A cold snap that kills all the new leaves is an ambiguous way to usher in Easter, the holiday of renewal and new life, but my Easter visit with my family was invigorating nonetheless. Spending time with my family was a blessing, and it sounds like my brother's going through a potentially rewarding set of trials. He's interning at one of Music Row's many song publishing companies, and now he's got the gig of listening to their song demos, pairing them up with likely performers, and pitching the songs to the performers' staff. The next country album you listen to, if you listen to modern country, might include a song my brother matchmade. Of course if they give this gig to interns it may not be quite as hot a job as it sounds like to starry-eyed l'il Aaron.
I sat in on a Sunday School lesson my Dad taught; it's obvious Dad would like to get more intellectual dialectic going, but the sweet elderly people in the audience were obviously more attuned to folk wisdom and familiar pieties than to the eggheadedness of Dad's Robert Nouwen-inflected lesson. They seem awful impressed by him, though. There's another Sunday School group there that I usually attend when I visit, and it's much more up for brainy discourse and Scriptural parsing. It's also about a half-dozen people.

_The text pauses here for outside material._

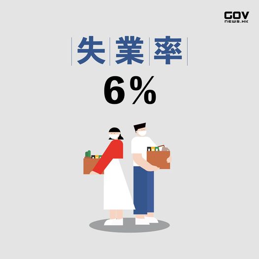 政府統計處公布,3月至5月經季節性調整的失業率為6%,較2月至4月下跌0.4個百分點;就業不足率下跌0.5個百分點至2.8%。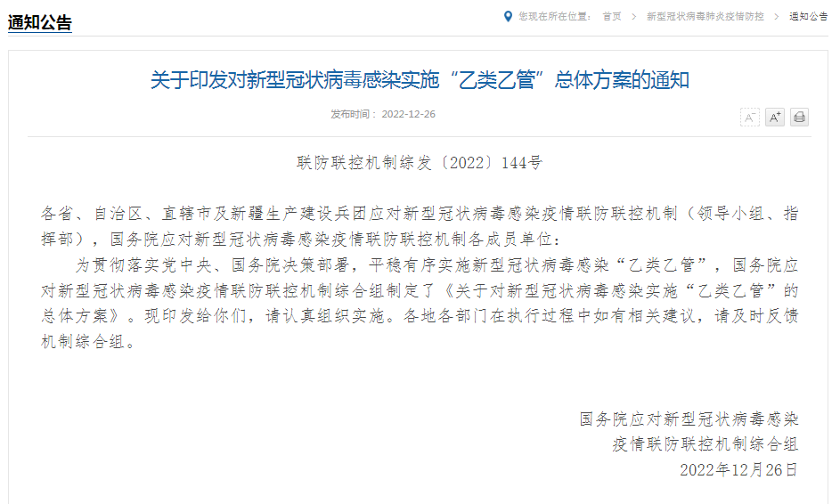 關(guān)于印發(fā)對新型冠狀病毒感染實施“乙類乙管”總體方案的通知

We watched Robert Altman's McCabe and Mrs. Miller, which is one of my Dad's faves; Mom seems a bit ambivalent about it. I loved it, and it inspired a family discussion about violence. I was intrigued that the first violence in the film takes place about two-thirds of the way in. Dad pointed out that I'd forgotten a s--bbing early in the film, probably because it's done in Altmanesque mise-en-scene rather than more upfront Hollywood Violence Mode, and Mom pointed out that the story is violent against women almost from the start, since most women in it are subjugated in prostitution. McCabe is a wanna-be Alpha Male who succeeds on a tiny scale, but soon finds that as more people come to town he is neither the best business mind nor the hardest tuff guy in town. It's a familiar story, since we've all seen or lived it, but it's more familiar in life than in movies. There are plenty of underdog stories in movies, but not many that deal with a gap between the underdog's self image and the reality. Also; although I've never indulged in illegal drugs, stories about opium and heroin, the numbing drugs, appeal to me somehow. Naked Lunch, novel and film, intrigue me just as hard-headed Mrs Miller's succumbing to opium intrigues me. Burroughs writes that a heroin-user can stare at a shoe for hours, and that the heroin junkie's surroundings have NO EMOTIONAL AFFECT. I can't sit still and get focused, and everything in my surroundings is coiled with explosive emotional affect for me. So it's a good thing for me that Burroughs points out this artificial Buddha mind dissolves as soon as the junk runs out, and the junkie goes mad for more junk.